Tax avoidance review: HMRC should focus on the cause, not the symptom
HMRC and the Treasury should spend more effort on supporting compliant taxpayers with more considered tax policy and functioning tax legislation, and less on punishing those who have exploited loopholes that they helped create.
According to the most recently released figures from HMRC, the taxman has now retrieved more than £2bn in disputed tax from tax avoiders through its Accelerated Payments Notices (APN) scheme.
It’s all very well the Treasury blowing its own trumpet and broadcasting what a good job it has done. It might do even better by ensuring such opportunities are no longer available to less compliant taxpayers.
To understand motives behind tax avoidance – and possibly to squeeze just a little bit more publicity out of the topic – HMRC has released a report into engagement in tax avoidance schemes (TAS). The taxman claims the findings will help to design policies and interventions to reduce TAS involvement in future – but why tackle the symptom when you can tackle the cause?
Coincidentally, the Office of Tax Simplification also released its small company taxation review recently. Whilst it doesn’t touch upon tax avoidance – the large majority of small business such as contractors being fully compliant – it does make several recommendations for legislative amendments to simplify the tax system for contractors and small businesses.
Some have merit, others less so. But what we would urge the government not to do is rush into the implementation of any recommendations as a ‘quick fix’. The current state of the tax system is a perfect example of HMRC’s ‘sticking plaster’ approach.
We’re constantly struggling to stay up-to-date with legislative changes. It seems no sooner has the government identified a problem than it has tweaked legislation to treat it. The result is that these changes are often ill-thought out and create more problems than they solve.
We end up with two outcomes. The first; one of the largest tax codes in the world that no one expert has a complete knowledge of. The second; a massively overcomplicated tax system with exemptions and allowances that any half-decent tax adviser can turn into a cash flow advantage for their clients.
Which brings us back to the TAS users. What’s worth noting is, in its report, HMRC categorises its survey respondents as ‘unaware’, ‘justifiers’ or ‘deliberates’.

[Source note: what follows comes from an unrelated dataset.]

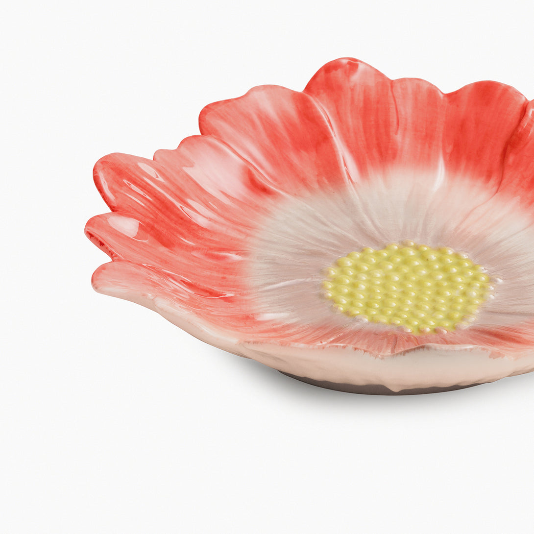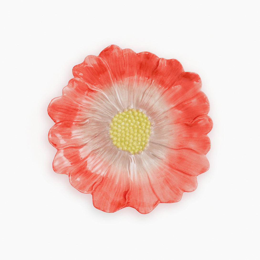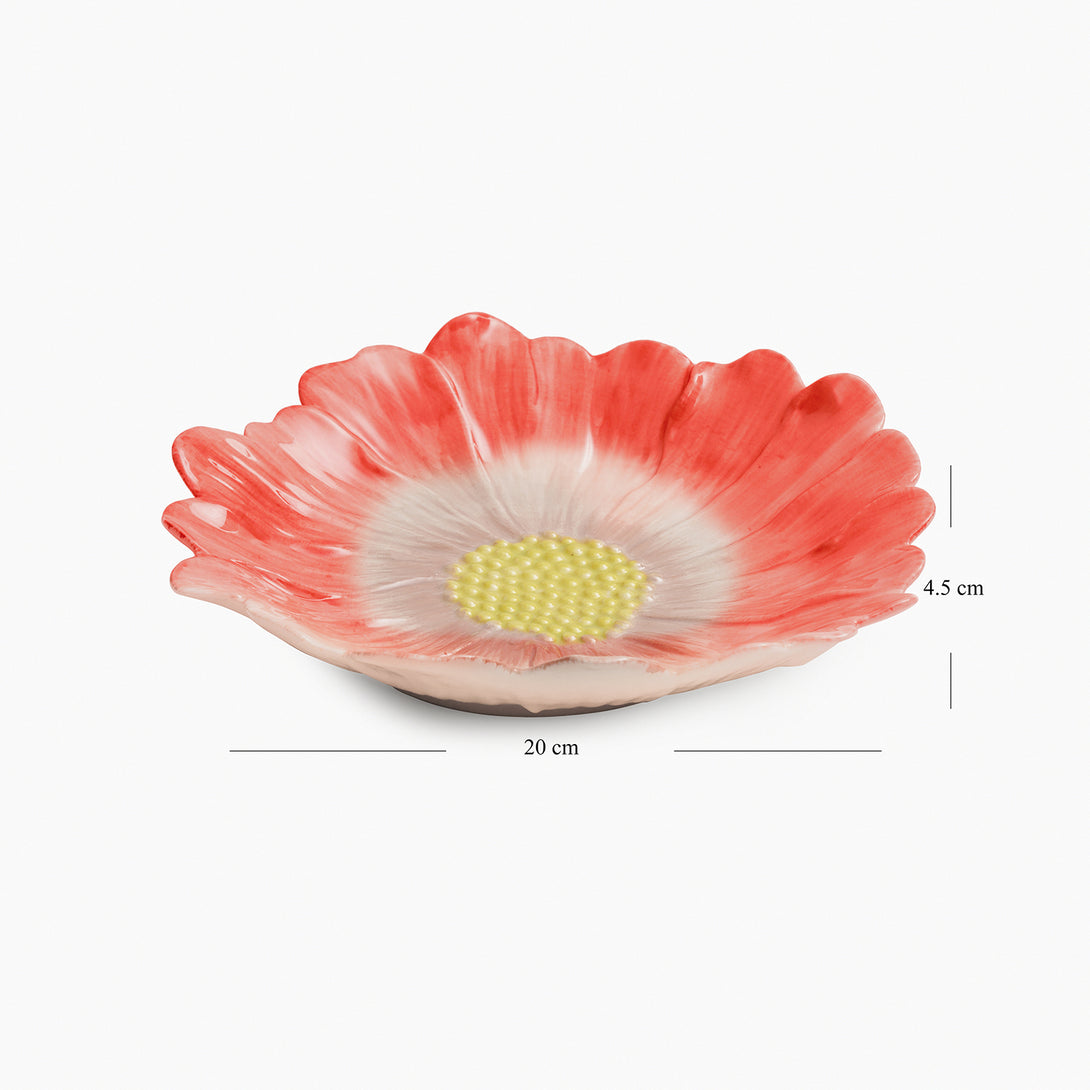 Make a statement with this red ombre floral-shaped ceramic platter. Perfect for serving in style or adding an elegant touch to your decor.

Most contractors would fall into the ‘justifiers’ category. Those who were aware of their scheme as being ‘on the edge of tax law’, and who were partially influenced by society’s moral and political attitudes towards tax avoidance.
‘Deliberates’, on the other hand, wittingly went into TAS and reported to be strongly influenced by their own moral attitude that avoidance by big businesses justified their decisions.
And you could easily forgive them for seeing an element of double standards. Especially after HMRC’s £130m ‘sweetheart deal’ with Google, a company with a net worth of almost £400bn. The deal – which Labour claims amounted to a 3% tax rate – was hailed by the Chancellor as a “major success”.
There seems to be one rule for ordinary taxpayers, such as contractors, and another for larger corporations. Who’s to say that this hasn’t led otherwise risk-averse contractors into TAS? If HMRC was more consistent on how it applies legislation, taxpayers would be less inclined to find ways around it.
Either way, the fact remains that a more considered tax policy and better-written tax legislation would help to reduce this problem. More so, it would free up HMRC to focus more on supporting compliant taxpayers and helping them to pay the correct amount of tax.